Relevance

Today we are so fluent in being fashionable. Why does our impact for Christ often seem so elusive?

In his book, Prophetic Untimeliness: A Challenge to the Idol of Relevance, Os Guiness makes us squirm by saying, “Are we trusting in a culturally relevant gospel? After two hundred years of earnest dedication to reinventing the faith and the church and to being more relevant in the world, we are confronted with an embarrassing fact: Never have Christians pursued relevance more strenuously; never have Christians been more irrelevant… by our determined efforts to redefine ourselves in ways that are more compelling to the modern world than faithful to Christ, we have lost not only our identity but our authority and our relevance… marketing triumphs over mission, reference to opinion polls outweighs reliance on biblical exposition, talk of reinventing the church has replaced prayer for revival… Our crying need is to be faithful as well as relevant.”

The need is great. Every socioeconomic indicator tells the same story.
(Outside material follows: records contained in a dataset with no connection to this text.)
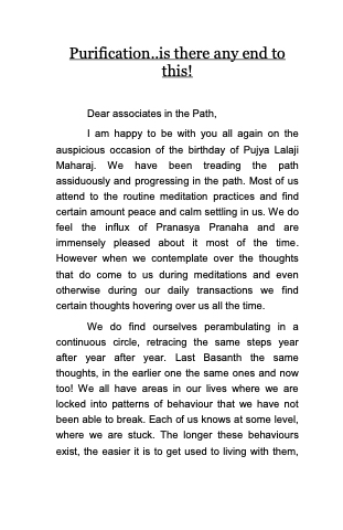 I am happy to be with you all again on the auspicious occasion of the birthday of Pujya Lalaji Maharaj. We have been treading the path assiduously and progressing in the path. Most of us attend to the routine meditation practices and find certain amount peace and calm settling in us. We do feel the influx of Pranasya Pranaha and are immensely pleased about it most of the time. However when we contemplate over the thoughts that do come to us during meditations and even otherwise during our daily transactions we find certain thoughts hovering over us all the time.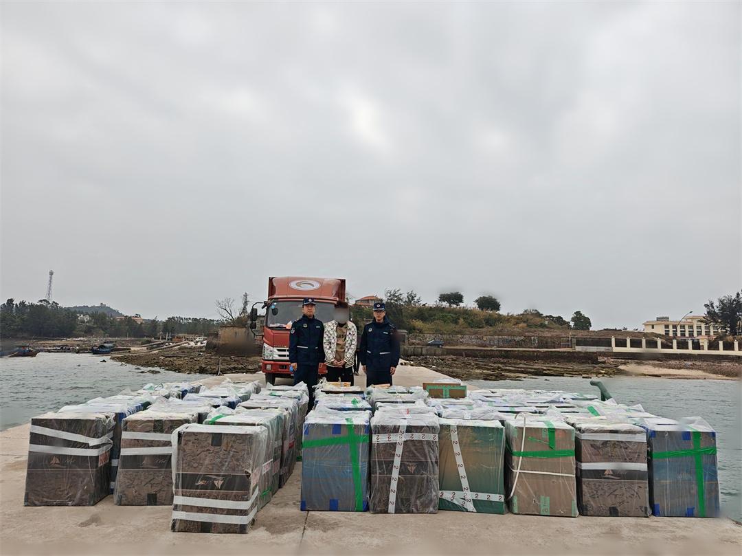 圖為2月20日,廣西海警局在廣西珍珠灣海域查獲香煙19996條。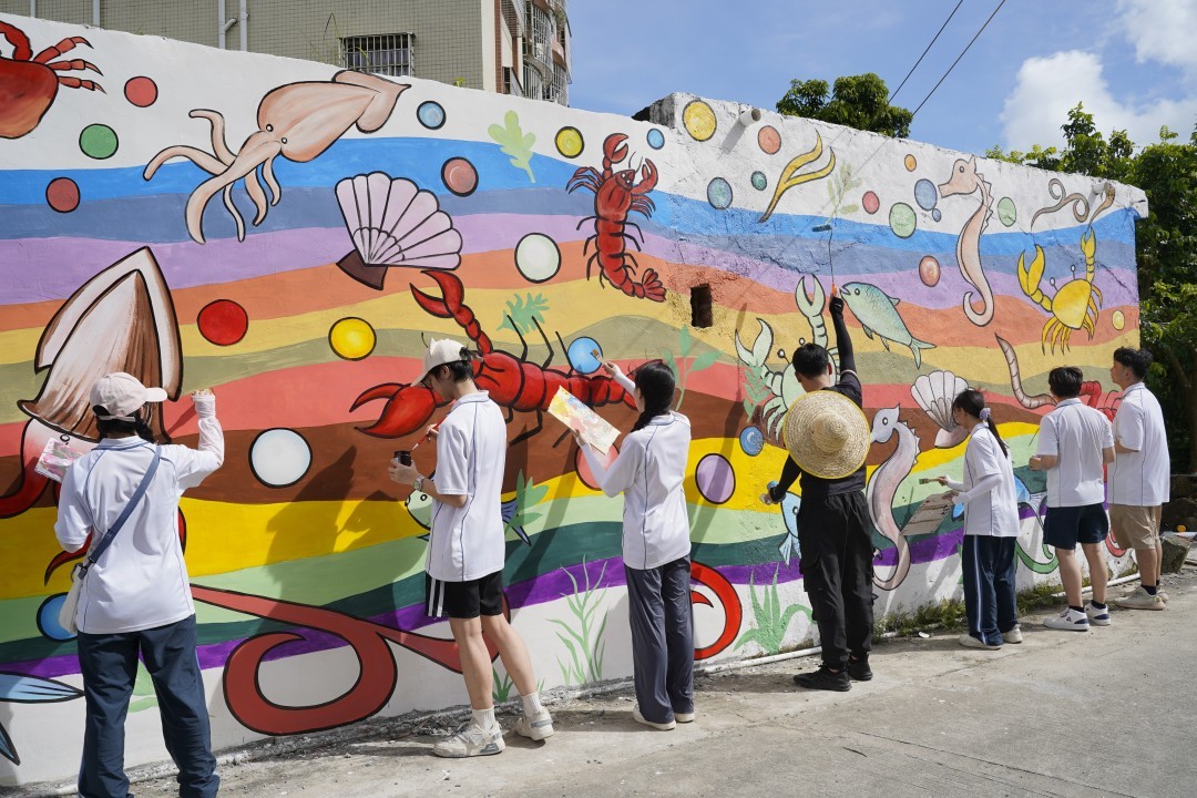 據(jù)悉,這已是該校連續(xù)3年來到該地開展鄉(xiāng)村墻繪活動。馬屋村周邊群山環(huán)繞、植被豐富、風景秀麗,老師帶著學生們手持畫筆和顏料,頂著大太陽、一筆一畫地先在墻壁上勾勒線條,打好草稿,再用調(diào)好的顏料進行涂繪。經(jīng)過精心創(chuàng)作,海蝦、魷魚、海螺等栩栩如生的海洋生物躍然“墻”上?;顒悠陂g,該校校長蔣新華、藝術(shù)與設(shè)計學院院長劉境奇等加入到墻繪創(chuàng)作中,與突擊隊師生一起為鄉(xiāng)村添彩增色。“一直以來,學校始終聚焦職業(yè)教育服務(wù)‘百千萬工程’建設(shè)需要,積極引導青年學子結(jié)合國家需要和所學專業(yè),以創(chuàng)新、靈活的方式在助力鄉(xiāng)村振興的實踐中成長成才?!笔Y新華表示。

The church is haemorrhaging (we lost a million in a decade) and too few have experienced first-hand someone who truly follows Jesus. Still, many Laodicean-like Christians pat themselves on the back, proud of their postmodern savvy and ‘culturally relevant’ ministries.
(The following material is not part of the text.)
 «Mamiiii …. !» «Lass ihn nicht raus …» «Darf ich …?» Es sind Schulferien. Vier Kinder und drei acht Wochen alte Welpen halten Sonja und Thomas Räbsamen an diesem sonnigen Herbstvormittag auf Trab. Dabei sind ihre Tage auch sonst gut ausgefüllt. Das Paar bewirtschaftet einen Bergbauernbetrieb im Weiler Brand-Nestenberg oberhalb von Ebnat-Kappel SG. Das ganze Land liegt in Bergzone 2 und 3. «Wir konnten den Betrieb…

Am I arguing, then, for irrelevance? No. There is nothing wrong with being relevant. True relevance brings the biblical worldview to bear on the whole of life with weight and consequence, but today’s relevance airbrushes everything offensive about the gospel and denudes it in the process.

CS Lewis said, “A Christianity which considers itself free to alter the faith whenever the faith looks perplexing or repellent must be completely stagnant.” Culture rather than scripture becomes our authority. 2 Timothy 2:2 tells us that we are to pass down the message to faithful men and women who should be very careful to pass on the same message they received. If we adapt the gospel to fit our times, we’ll have a comfortable, convenient gospel. And it’ll be irrelevant to the next generation.
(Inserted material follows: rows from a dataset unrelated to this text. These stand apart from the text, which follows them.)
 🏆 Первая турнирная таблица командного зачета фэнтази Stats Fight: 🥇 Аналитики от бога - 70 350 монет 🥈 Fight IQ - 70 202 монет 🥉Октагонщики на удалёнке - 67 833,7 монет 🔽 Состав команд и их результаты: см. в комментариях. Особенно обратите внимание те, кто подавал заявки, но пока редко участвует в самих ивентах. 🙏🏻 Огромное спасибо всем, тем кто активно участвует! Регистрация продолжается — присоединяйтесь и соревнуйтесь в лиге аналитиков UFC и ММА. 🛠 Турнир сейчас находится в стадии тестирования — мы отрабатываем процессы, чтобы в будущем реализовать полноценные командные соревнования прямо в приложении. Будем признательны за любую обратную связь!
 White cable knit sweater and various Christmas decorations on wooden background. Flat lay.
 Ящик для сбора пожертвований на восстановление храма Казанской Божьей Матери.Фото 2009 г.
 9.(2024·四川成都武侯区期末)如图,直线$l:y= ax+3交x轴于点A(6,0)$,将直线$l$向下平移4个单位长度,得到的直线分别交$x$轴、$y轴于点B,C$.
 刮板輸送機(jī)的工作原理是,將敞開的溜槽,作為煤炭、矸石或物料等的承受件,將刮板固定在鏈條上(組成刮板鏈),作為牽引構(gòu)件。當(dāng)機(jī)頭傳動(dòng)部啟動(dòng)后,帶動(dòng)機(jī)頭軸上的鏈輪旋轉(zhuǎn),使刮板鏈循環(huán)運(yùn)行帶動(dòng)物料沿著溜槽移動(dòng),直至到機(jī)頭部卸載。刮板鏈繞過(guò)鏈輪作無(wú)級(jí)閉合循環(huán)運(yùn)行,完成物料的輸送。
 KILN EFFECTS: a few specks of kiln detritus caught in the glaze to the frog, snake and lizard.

As an old saint used to tell me, “You want New Testament results? Get a New Testament gospel.” The early church was not persecuted because it worshipped Jesus, but because it worshipped only Jesus. In our day of relativism, we need to be willing to speak about hell. When we’re true to the unfashionable parts of the gospel, the power of the gospel will be on us.
We have a tendency to be historically myopic, failing to learn from the past, and becoming prey to the passing fads of the present.

We will inevitably be maladjusted in this age. We are called to be both for the world and against it, not accommodating culture, but resisting it. Jesus broke through cultural paradigms daily. So must we. This is how the gospel spreads. Being relevant in an age of confusion means wrapping ourselves around the gospel’s timeless message and allowing it to wrap itself around us. We don’t need to make the gospel relevant. We need to reveal its relevance, recovering our confidence in it as the power of God to transform our lives.

4 thoughts on “Relevance

  1. Funny, but I’ve got the same quote from Os Guiness posted up on my noticeboard in front of me on my desk!! Whilst wanting to agree with much of what you say, I would want to argue that perhaps we can use culturally ‘relevant’ tools, such as music form, multimedia etc. without seeking to change the message of the gospel. I feel that the important word, much more so than ‘relevant’, is ‘authentic’ – authentically Christian – whatever that means.Just some thoughts!